AAFP leaders defend the medical home model and specialists' role in it. The patient-centered medical home was very purposefully defined to include a “personal physician”—not a primary care physician, said Dr. Terry McGeeney, the president and CEO of TransforMED, a subsidiary of the AAFP that helps primary care practices transition to the medical home model.
Although most practices using the medical home model will be led by primary care physicians, not all will be. The personal physician could be an infectious disease specialist, a neurologist, or an oncologist, he said.
But the key, Dr. McGeeney said, is that the physician must provide a medical home for the whole patient, and not focus on a certain disease or organ system. That means that a neurologist, for example, must keep track not only of the neurologic care, but also the patient's cholesterol levels and mammogram results. They don't have to perform these services themselves, but they have to coordinate and track them, he said. In the medical home, the personal physician is the “quarterback” for the patient's care and there's no “free pass” on those responsibilities for specialists, he said.
Specialists who do want to provide a medical home may even have an advantage, according to Dr. McGeeney, who pointed out that specialty practices tend to have more resources to invest in practice transformation. That said, specialists often have not been trained to provide the types and level of care required of medical homes.

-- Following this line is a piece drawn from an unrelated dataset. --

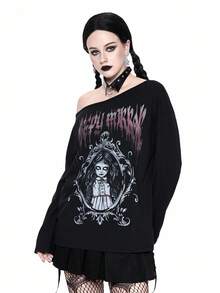 Goth Maglietta a maniche lunghe con stampa di bambole horror gotiche, scollo asimmetrico, per Ognissanti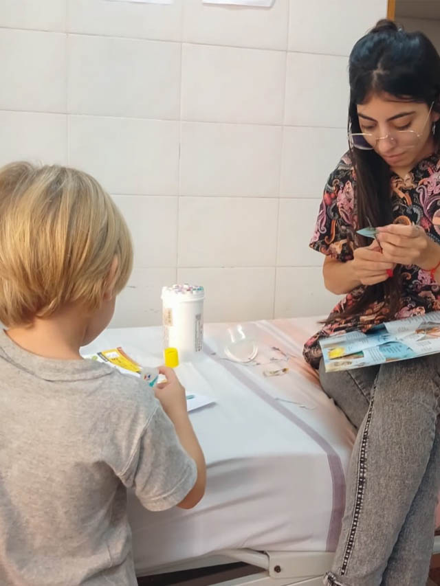 La actividad marcó el inicio formal de este programa institucional, impulsado por el Hogar de Día de Iguazú, que propone el desarrollo de acciones de arte terapia en el área de pediatría. Durante la jornada, el equipo llevó adelante actividades orientadas al acompañamiento y la contención emocional de niños y niñas internados.

Where specialists may fit in more easily, Dr. McGeeney said, is in the “medical home neighborhood,” which includes all the physicians caring for a patient, as well as the emergency department, the hospital, and the pharmacy.

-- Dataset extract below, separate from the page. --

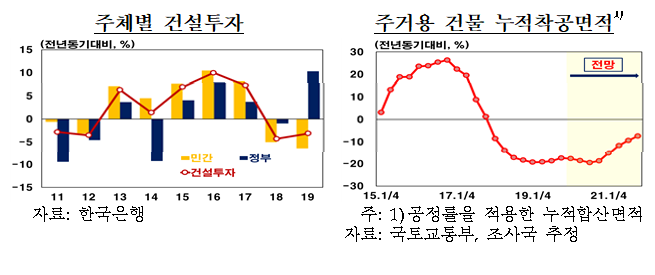 □(건설투자)민간부문 부진이 이어지면서 조정흐름이 지속될 것으로 예상

TransforMED is encouraging medical home practices to have letters of agreement with specialists regarding care coordination. As part of the agreement, the primary care physician promises to send all the patient's information to the specialist and to communicate with them about tests and results. These agreements aren't legally binding on either party, but they force everyone to have a conversation about coordination of care, he said.
Some specialists remain skeptical about their role in the medical home and the medical home neighborhood. Dr. Alfred Bove, past president of the American College of Cardiology and emeritus professor of medicine at Temple University, Philadelphia, said cardiologists frequently act as a medical home for heart failure and transplantation patients, for example, and don't want to be left out. For years, many cardiologists have worked in multidisciplinary care teams, used electronic health records, and provided immunizations and screening, he said.
“We have all the ingredients needed to be a patient-centered medical home in an area of chronic disease that probably is better done by cardiologists that have a lot of experience in managing very sick heart failure patients than in a primary care practice where there's a broad spectrum of different kinds of patients,” Dr. Bove said.
The ACC has been advocating for specialty-based patient-centered medical homes in specific areas where the cardiologist's expertise is unique and they would be willing to assume responsibility for preventive care.
But another issue is what to do about specialty practices that act as a medical home for only a portion of their patients. In a recent article in the New England Journal of Medicine, researchers looked at single-specialty practices in cardiology, endocrinology, and pulmonology to find out to what extent those specialty practices function as medical homes.
They found that a large percentage of the practices provided both primary care and specialty care, but generally for a subset of patients. For example, 81% of the 373 practices surveyed said they served as primary care physicians for 10% or fewer of their patients. Only 2.7% of the practices said they act as primary care physicians for more than 50% of their patients (N. Engl. J. Med. 2010;362:1555–8).